10 Citations (Scopus)

Abstract

PURPOSE: To investigate the natural history of RHO-associated retinitis pigmentosa (RP). METHODS: A multicenter, medical chart review of 100 patients with autosomal dominant RHO-associated RP. RESULTS: Based on visual fields, time-to-event analysis revealed median ages of 52 and 79 years to reach low vision (central visual field <20°) and blindness (central visual field <10°), respectively. For the best-corrected visual acuity (BCVA), the median age to reach mild impairment (20/67 ≤ BCVA < 20/40) was 72 years, whereas this could not be computed for lower acuities. Disease progression was significantly faster in patients with a generalized RP phenotype (n = 75; 75%) than that in patients with a sector RP phenotype (n = 25; 25%), in terms of decline rates of the BCVA (P < 0.001) and V4e retinal seeing areas (P < 0.005).

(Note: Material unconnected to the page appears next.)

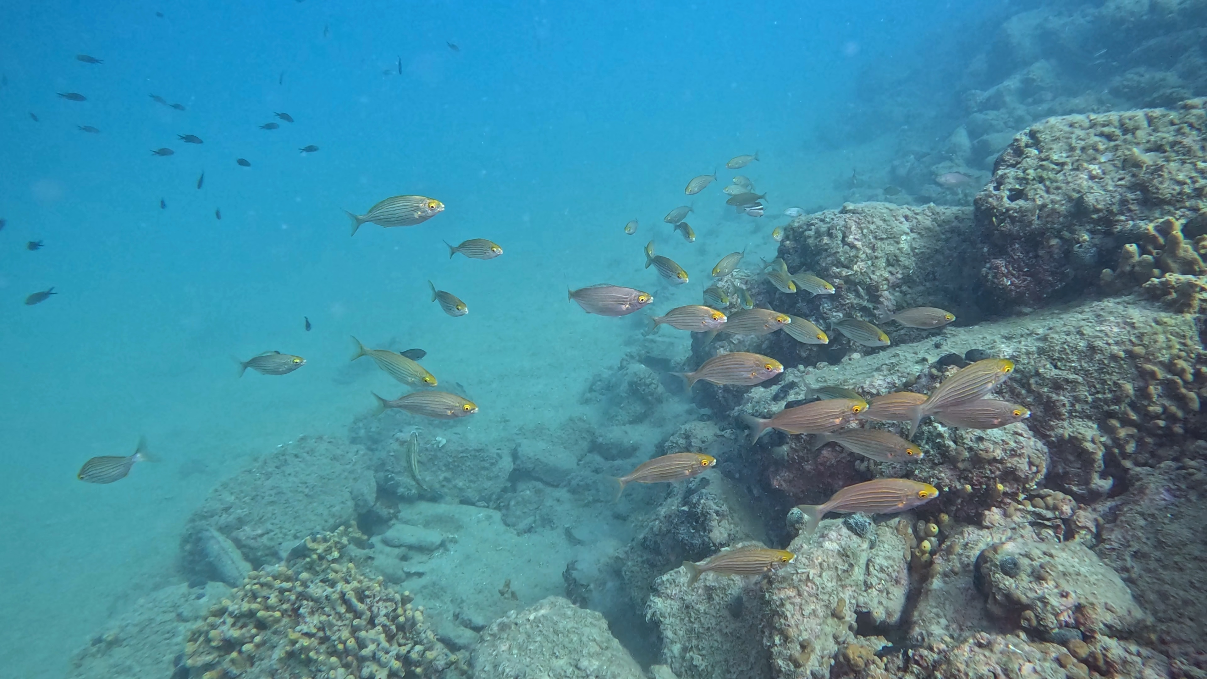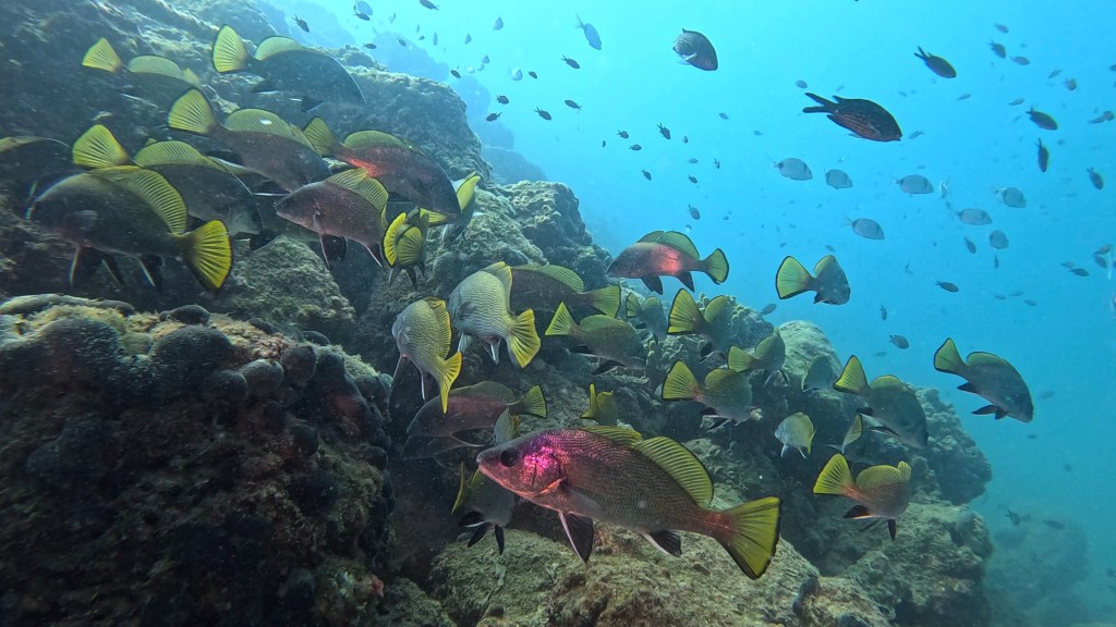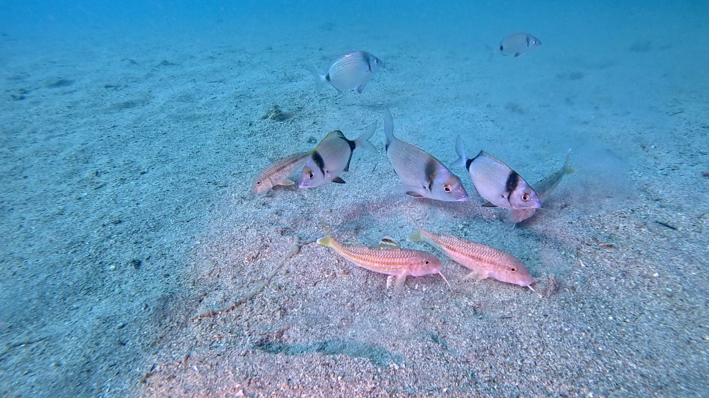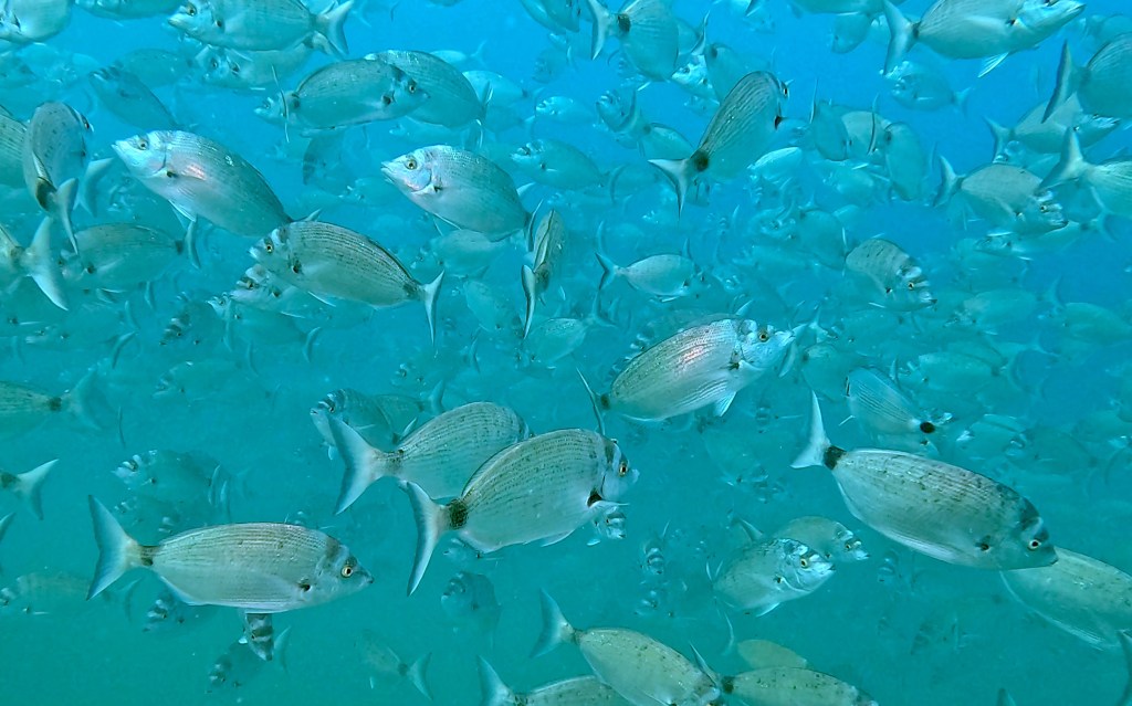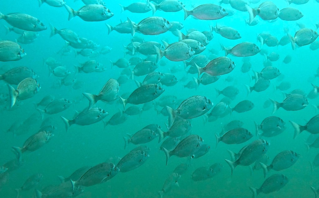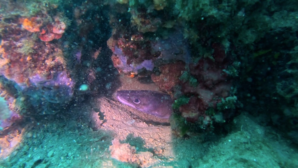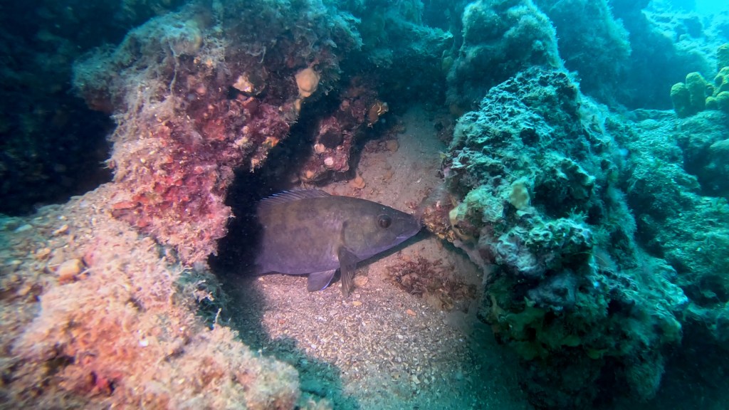 Skalnata brižina omogoča zavetje številnim živalskim vrstam. Nič posebnega ne bo, če boste po poti srečali večje število jastogov, ugorjev ter ostalih vrst rib, ki se skrivajo v zavetju grebena. Pred vami se lahko kar na enkrat pojavi večja jata kavalov, šargov, fratrov ter ostalih vrst šparov. Če k temu dodamo še črnike in dobro vidljivost, si lahko kuliso ustvarite sami na podlagi spodnjih fotografij…

The foveal thickness of the photoreceptor-retinal pigment epithelium (PR + RPE) complex correlated significantly with BCVA (Spearman's ρ = 0.733; P < 0.001). CONCLUSION: Based on central visual fields, the optimal window of intervention for RHO-associated RP is before the 5th decade of life. Significant differences in disease progression are present between generalized and sector RP phenotypes. Our findings suggest that the PR + RPE complex is a potential surrogate endpoint for the BCVA in future studies.

Original languageEnglish
Pages (from-to)213-223
Number of pages11
JournalRetina (Philadelphia, Pa )
Volume41
Issue number1
DOIs
Publication statusPublished - 2021

Bibliographical note

Publisher Copyright:
Copyright © 2020 The Author(s). Published by Wolters Kluwer Health, Inc. on behalf of the Opthalmic Communications Society, Inc.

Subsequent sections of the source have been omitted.